Segment Open

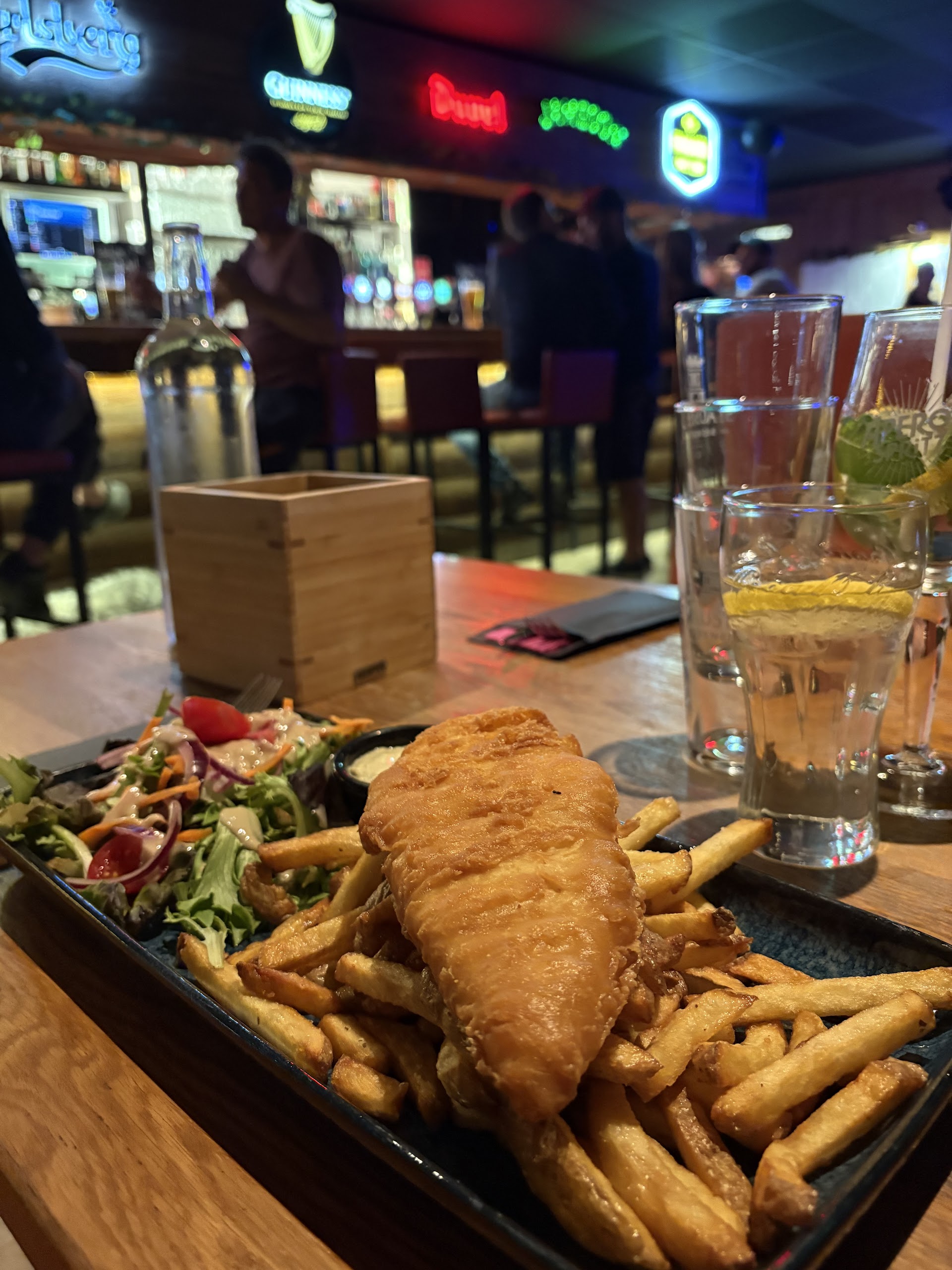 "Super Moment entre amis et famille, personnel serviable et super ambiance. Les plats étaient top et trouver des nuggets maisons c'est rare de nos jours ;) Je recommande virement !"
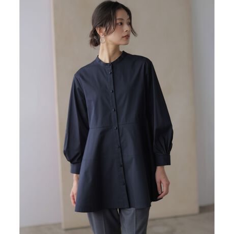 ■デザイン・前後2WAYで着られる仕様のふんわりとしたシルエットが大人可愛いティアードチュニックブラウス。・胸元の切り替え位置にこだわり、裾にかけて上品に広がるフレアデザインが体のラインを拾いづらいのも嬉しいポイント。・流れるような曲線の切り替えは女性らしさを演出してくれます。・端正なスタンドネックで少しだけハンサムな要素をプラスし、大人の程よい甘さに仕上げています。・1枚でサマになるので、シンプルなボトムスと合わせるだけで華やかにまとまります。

Segment Closed
Segment Open

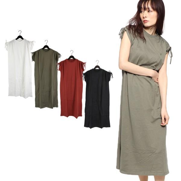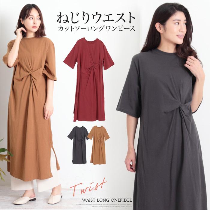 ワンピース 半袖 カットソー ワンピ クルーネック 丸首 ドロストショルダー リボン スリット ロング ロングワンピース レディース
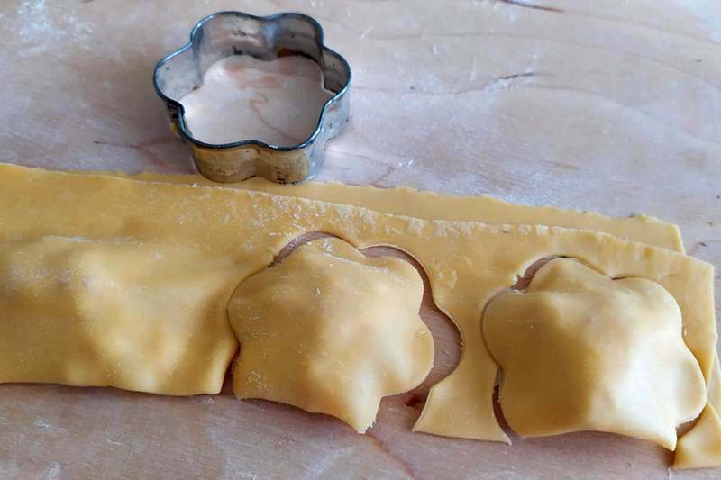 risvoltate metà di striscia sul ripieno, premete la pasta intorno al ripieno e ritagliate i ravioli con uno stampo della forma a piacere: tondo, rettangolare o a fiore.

Segment Closed

Find where the line with "ワンピース 半袖 カットソー" sits in the material above and where the line with "risvoltate metà di" sits. Set down exactly the lines from the first to the second, both included and nothing else, without pictures.

# [Exercise answer]
 ワンピース 半袖 カットソー ワンピ クルーネック 丸首 ドロストショルダー リボン スリット ロング ロングワンピース レディース
 risvoltate metà di striscia sul ripieno, premete la pasta intorno al ripieno e ritagliate i ravioli con uno stampo della forma a piacere: tondo, rettangolare o a fiore.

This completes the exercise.